Length of a perpendicular from a point $\left({x}_{1} , {y}_{1}\right)$ to the line $a x + b y + c = 0$ is given by $\frac{| a {x}_{1} + b {y}_{1} + c |}{\sqrt{{a}^{2} + {b}^{2}}}$

Hence length of perpendicular from $\left(0 , 0\right)$ to $3 x - 4 y - 30 = 0$ is $\frac{| 3 \cdot 0 + \left(- 4\right) \cdot 0 - 30 |}{\sqrt{{3}^{2} + {\left(- 4\right)}^{2}}} = \frac{30}{\sqrt{9 + 16}} = \frac{30}{5} = 6$

But this is radius of the circle. Hence, equation of circle will be

${\left(x - 0\right)}^{2} + {\left(y - 0\right)}^{2} = {6}^{2}$ or

${x}^{2} + {y}^{2} = 36$

Jul 17, 2016

Reqd. eqn. of the circle is ${x}^{2} + {y}^{2} = 36$.

#### Explanation:

To determine the eqn. of a circle, we need its (i) centre, and, (ii) the

radius.
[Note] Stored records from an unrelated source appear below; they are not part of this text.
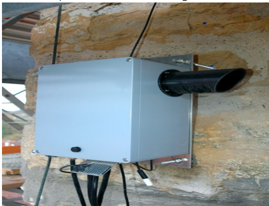
Fig 1: Dimetix Laser Sensor installed at the historical building “Blauer Turm” in Germany

Geodetic permanent monitoring of historic buildings is designed to support redevelopment concepts. Historical buildings, including church buildings, are part of a nation’s cultural and social property, therefore, conservation is not only in the interests of the owners, but also in the public interest through the ordinance on the protection of monuments.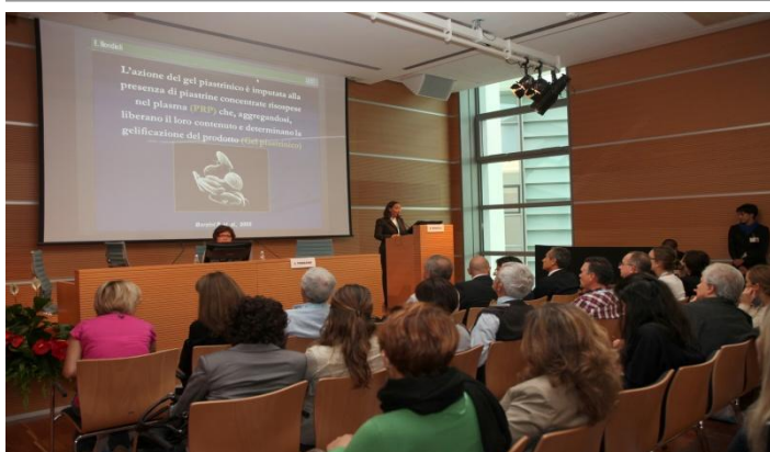
Medical-scientific National Congress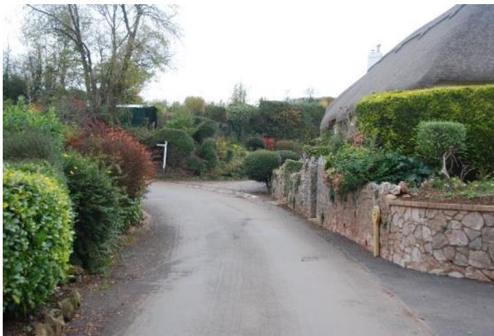
5 Turn right to Blackenway Lane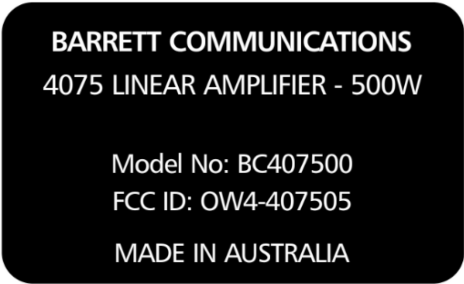
Figure 2 - FCC Label for BC407500 500 W model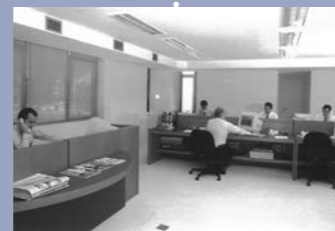
Beginning of the international expansion (London, Sao Paulo and New York)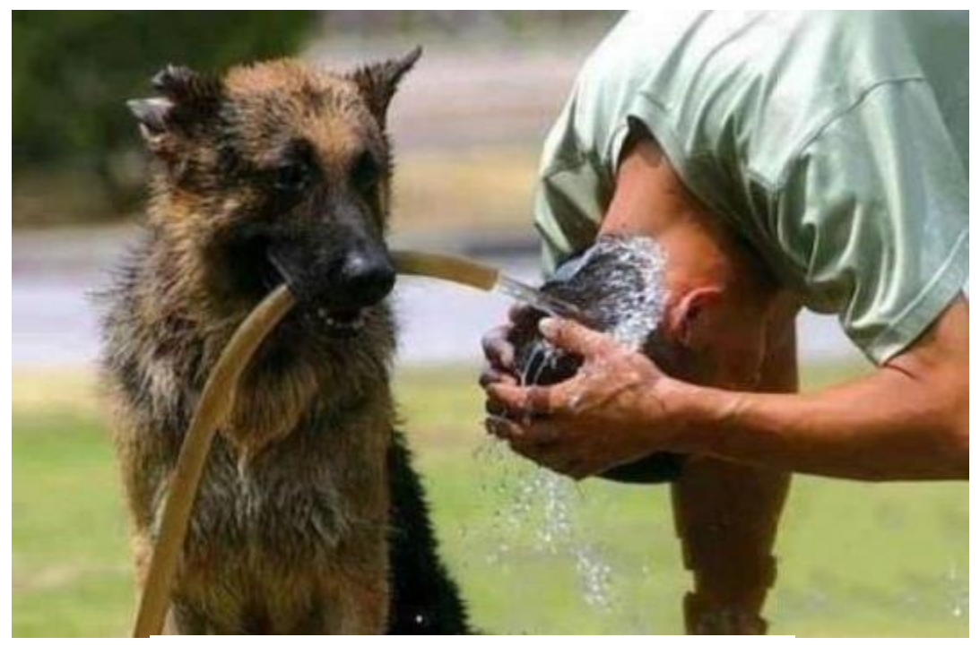
Do you want a "blow dry" with that?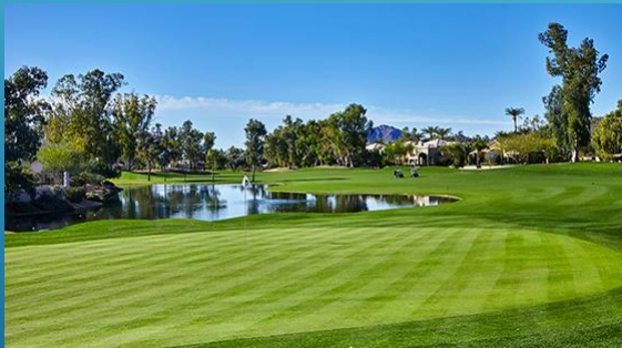
Gainey Ranch Golf Club Scottsdale 90% Reclaimed 10% Groundwater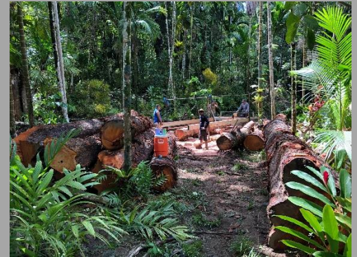
Milling in the jungle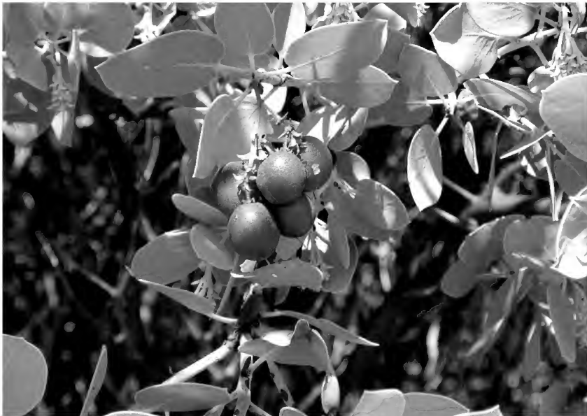
Arctostaphylos auriculata (Mt. Diablo manzanita)

A. auriculata is limited in range to Mt. Diablo. It is listed by CNPS as IB.3, rare, threatened, or endangered in CA and elsewhere.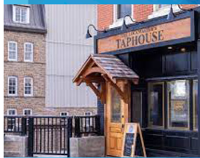
The Lockmaster's TAPHOUSE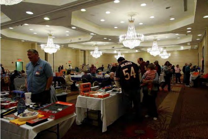
Another view inside the Pumpkin Meet. Division members were treated to a private layout tour.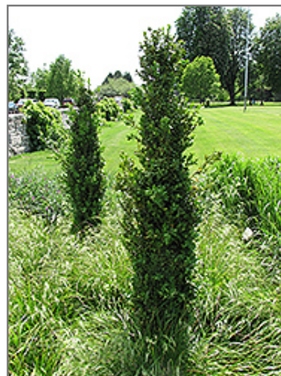
Graham Blandy Boxwood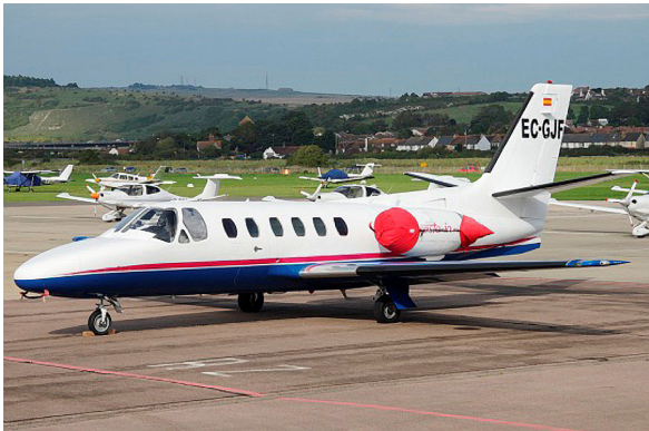
Cessna Citation II Engine Covers, Pitot Covers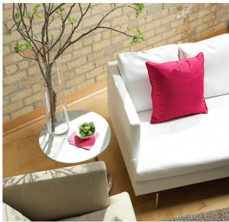
High angle vignette - closer view of color and plank variation.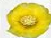
Prickly Pear Cactus Cholla Blooms: June - July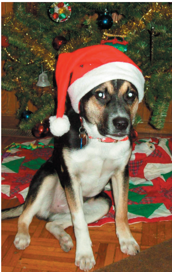
Ho, ho, ho! Memphis enjoys his first Christmas at his new home - Marshall Habilitation Center.

Missouri Residential Services while Memphis, a mix breed from Jefferson City Correctional Center, went to Marshall Habilitation Center.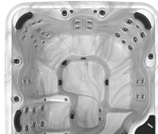
Glacier Mountain Body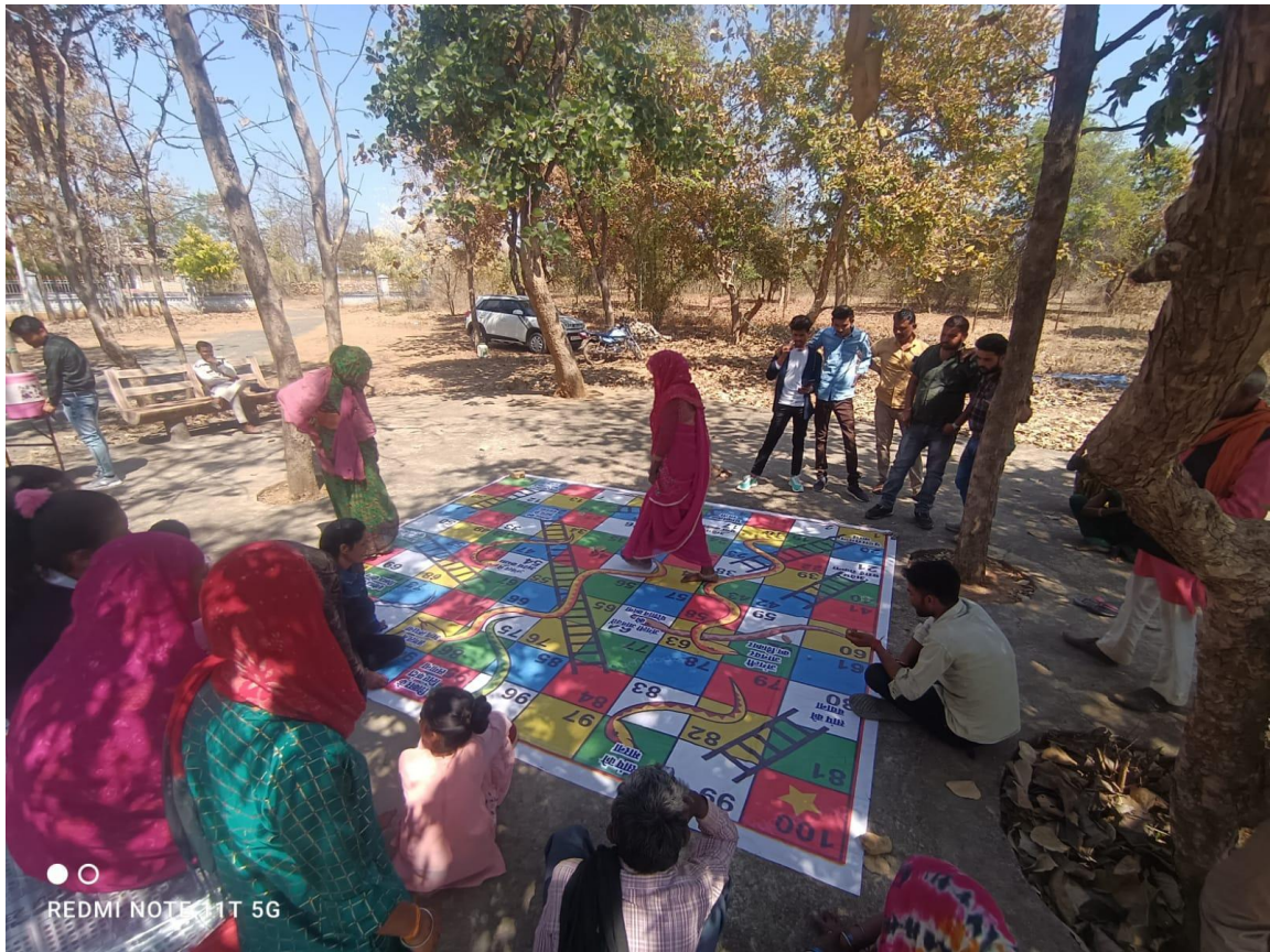
Figure 4 GRs engaging with villagers in environment-themed games during a Fire Safety and Awareness project being run in PTR to prevent forest fires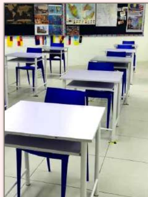
Distanced class seating arrangement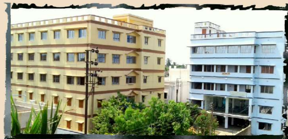
SURENDRALAL DAS TEACHERS' TRAINING COLLEGE (D.EL.ED., B.ED. & M.ED.)

Arya Sabhyata - The Group of Institutions dream to pave the way of the future generations and ensure them a secured learning environment.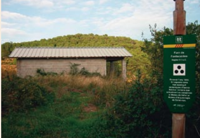
Protective shelter for the Forn Ibèric or Iberian furnace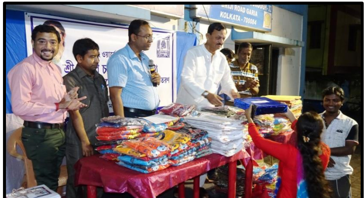
KMC Ward No. 110 Certificate Distribution on Beautician Training Program under WBSCG Govt. of W.B.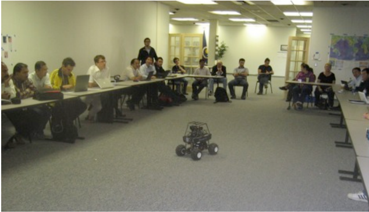
Attendees of the ISU presentation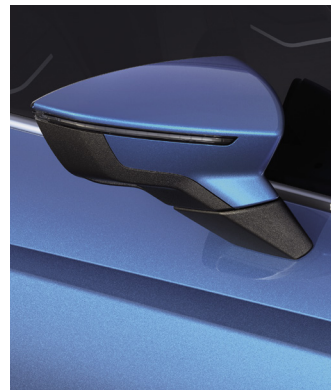
Sapphire Blue 2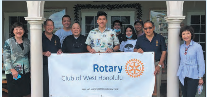
West Honolulu Rotary Club brought our families a dinner of rice, fish, garlic shrimp, corn, salad, hamburger steak with gravy.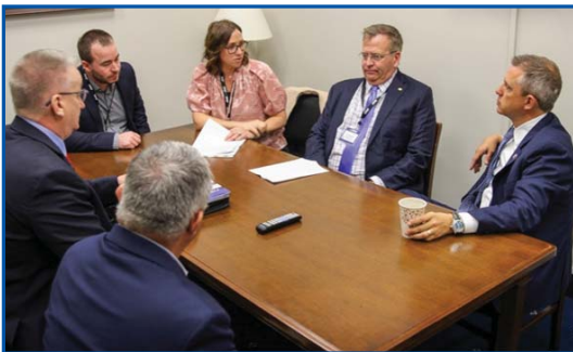
NDPMA meets with Congressman Armstrong

I caught up with the North Dakota Petroleum Marketers in DC today. We are working to address the shortage of CDL drivers in the state to help get our goods to market.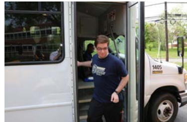
Mobility training and community-based instruction

Students receive a challenging introduction to the business world in a seminar style format, and have opportunities for on-the-job mentoring from college interns. Students gain exposure to advanced skills including 3-D printing and document scanning, along with business planning through Bright HorizonS9, a student enterprise. A full transition curriculum builds work readiness, independent living, social competency and essential academics.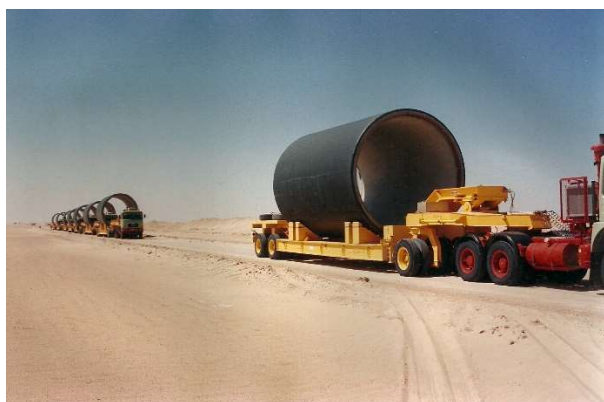
Figure 4. Transporting Pipes of the Great Man-made River in Libya.

Too often the media tends to misrepresent the scientific consensus and focus on dissenting pieces of information, for the sake of a 'balanced approach' or by attracting attention to a conflict of ideas. Deliberate disinformation campaigns that produce false and carefully crafted messages can further confuse stakeholders and degrade the policy making process. [16, 17].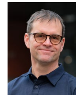
James Hardie Head of IT & Systems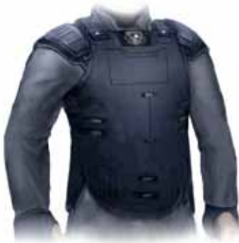
SENTRYTECH MK-IV LIGHT CONCEALABLE ARMOR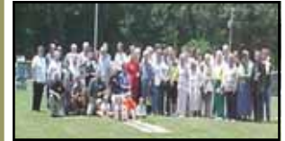
Group photo from the 2001 Fogleman Reunion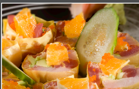
RICELESS 16.00 (Tuna, Hamachi, Salmon, Albacore, Spicy Tuna, Snow Crab, Avocado, Cucumber) in Soy Bean Wrap Without Rice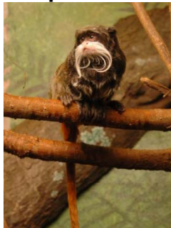
Cincinnati Zoo & Botanical Garden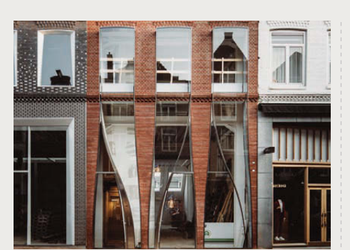
138 P.C. Hooftstraat – The Looking Glass

Showcasing unique structures that required a creative approach to engineering design and/or the use of digital design tools.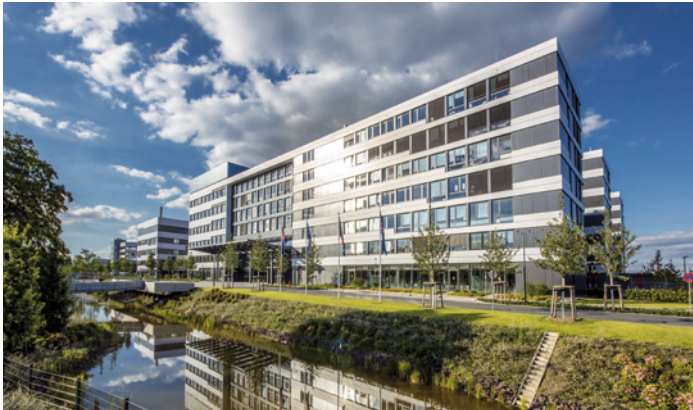
Image Overview – Building and Executive Board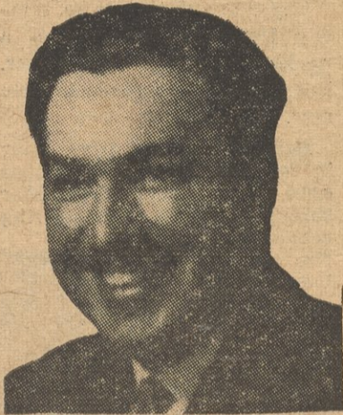
Adam Clayton Powell, Jr. He's gone peddling while...

While Negro "good-will ambassadors" travel all over the world to explain U.S. race relations, the State Department's "Voice of America" has been beaming to European listeners programs which are practically carbon copies of the Dixiecrat attitude toward the Negro people. The broadcasts, intended for the ears of German listeners and not for home consumption, raise the familiar bugbear of "Negro domination" in the South, justify the Klan terror against Negro victims and describe Negroes during Reconstruction as the tools of unscrupulous white "carpetbaggers."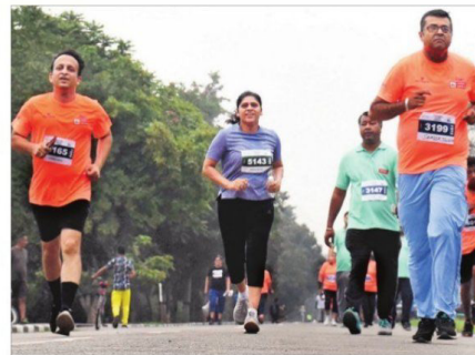
Participants during the 10km run organised by the Ludhiana Runners on the Punjab Agricultural University campus on Sunday.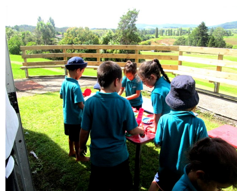
We had some playtime with Room 1.

We wanted to introduce ourselves to the whole school. Room 11 offered to help us with a waiata. They supported us by introducing us at assembly. Thank-you room 11.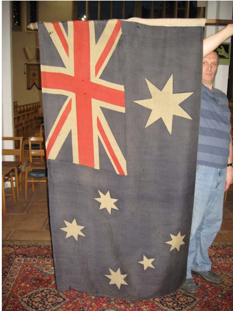
St John's Church has an Australian Flag which was presented by General Sir W Birdwood. The Plaque (below) commemorates this event.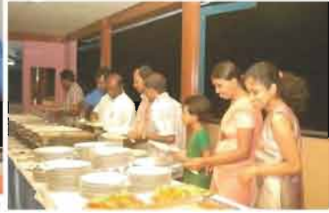
PGIM Staff and their family members mesmerizing themselves.

music which kept the toes tapping till late in the evening on 20 th October 2007.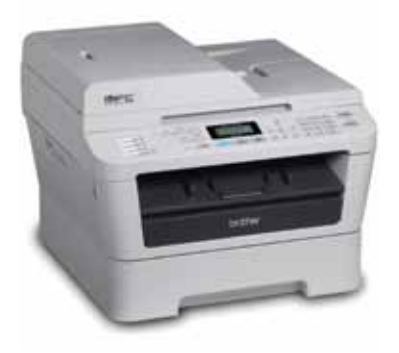
MFC-7360N Print • Copy • Scan • Fax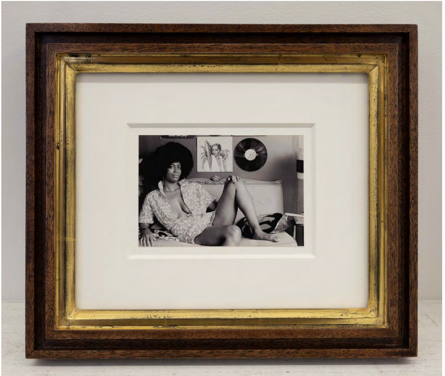
Mickalene Thomas Remember Me , 2023 Archival pigment print Image: 4 x 6 inches Frame: 11 x 13 inches Edition of 10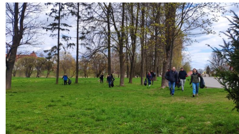
Events of Širvėna lake cleaning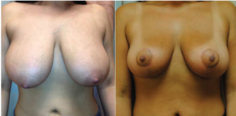
A woman who underwent mastopexy with subpectoral implants following partial mastectomy of the right breast. Preoperative (left) and postoperative (right) photos.

be performed during chemotherapy treatment, but rather that expansion should proceed following completion of all infusions.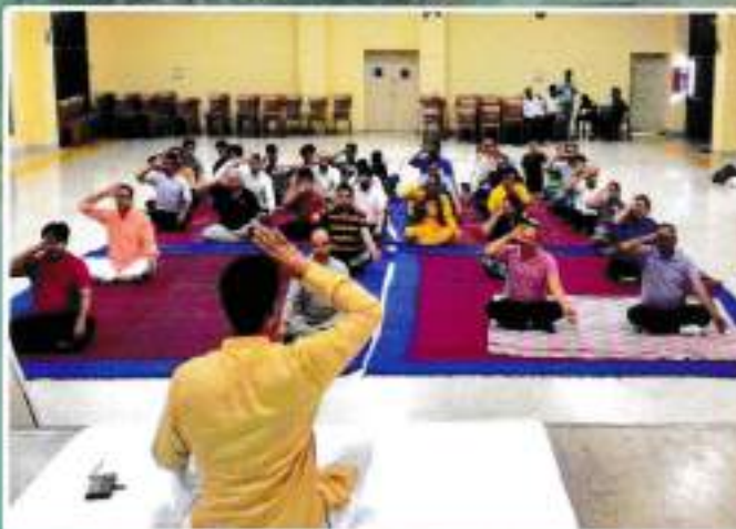
Yoga Session for Institute's Staff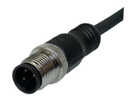
Male 3-Pin version shown above

Canfield Connector is known for its robust connections with an American twist, and the CANFAST® brand of M12 electrical connectors are no exception. This family of robust, all molded anti-vibration electrical connectors for sensors and actuators are specified by those needing a sure connection to valves, sensors, or automation of all types. Available in all industry styles including shielded and unshielded, and in various wire lengths. The CANFAST® round connectors are made in the USA to strict quality standards and are ready for fast delivery.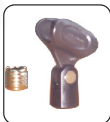
D1001S with locking function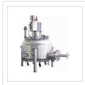
Agitated Nutsche Filter Dryer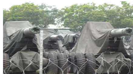
FIGURE 1 Heavy cannons on wheels covered with rough canvas fabric impregnated with a VCI.

The most commonly used vehicle is the high mobility multipurpose wheeled vehicle, also known as the Humvee, particularly in the deserts of the Middle East. The complex interaction of chemical and climatic factors, such as hot afternoons and cold nights, with dew condensation, intense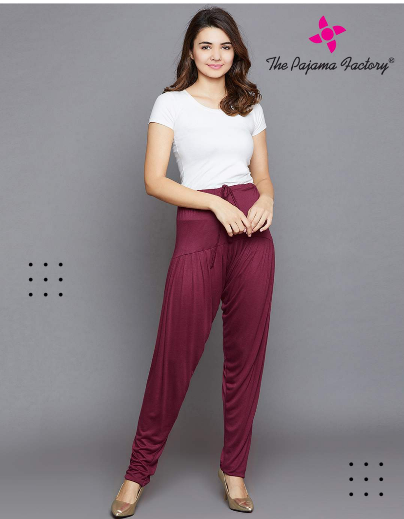
Model's Height - 5'6, Size - M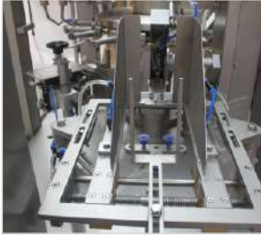
Pouch Input Station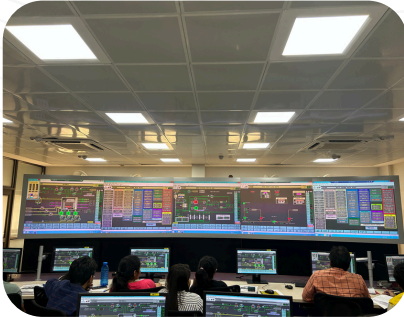
800 MW Simulator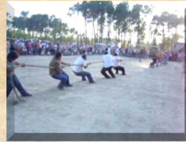
Artifact 24: “String Tension”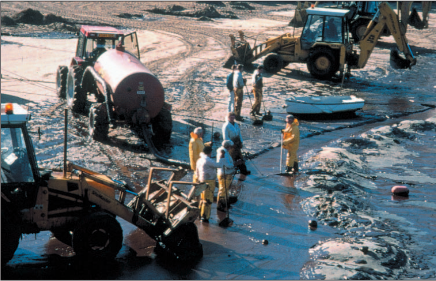
Shoreline clean-up operations need to be managed carefully to prevent accidents.

It is essential that shoreline responders are trained to recognize the hazards present in their working environment, and are provided with adequate means to control the risks.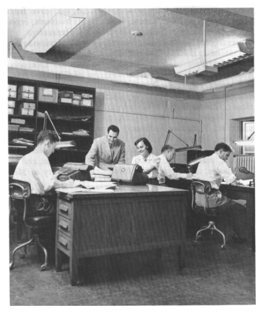
Figure 3: Cowles Commission Computational Laboratory in Chicago.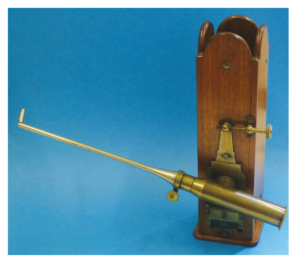
Figure 1: The Cruise endoscope of the Medical School Museum, Manchester.

Position your patient in an easy armchair, reclining with his buttocks resting on the edge and his knees apart. Then kneeling in front of the patient pass the greased urethral speculum (with its blind obturator in position) into the urethra (as yet unattached to the endoscope). Once the tube is against the sphincter place a greased finger into

As the centre is given to be the Origin $O \left(0 , 0\right)$, let us

suppose that the radius of the circle is $r$.

Now the line $l : 3 x - 4 y - 30 = 0$ is tgt. to the circle. So, by

Geometry , we know that the **$\bot$ dist., say $d$, from the

Centre $O$ to the tgt. line $l$ must equal radius $r$.**

$\therefore d = r \Rightarrow | 3 \left(0\right) - 4 \left(0\right) - 30 \frac{|}{\sqrt{{\left(3\right)}^{2} + {\left(4\right)}^{2}}} = r \Rightarrow r = \frac{30}{5} = 6$

Now, the eqn. of a circle having centre at $\left(h , k\right)$ & radius $r$, is

given by, ${\left(x - h\right)}^{2} + {\left(y - k\right)}^{2} = {r}^{2}$. Hence, in our case, the reqd.

eqn. is ${x}^{2} + {y}^{2} = 36$.

Note : The $\bot$dist. $d$ from a pt. $\left({x}_{1} , {y}_{1}\right)$ to a line $l : a x + b y + c = 0$

is $d = | a {x}_{1} + b {y}_{1} + c \frac{|}{\sqrt{{a}^{2} + {b}^{2}}} .$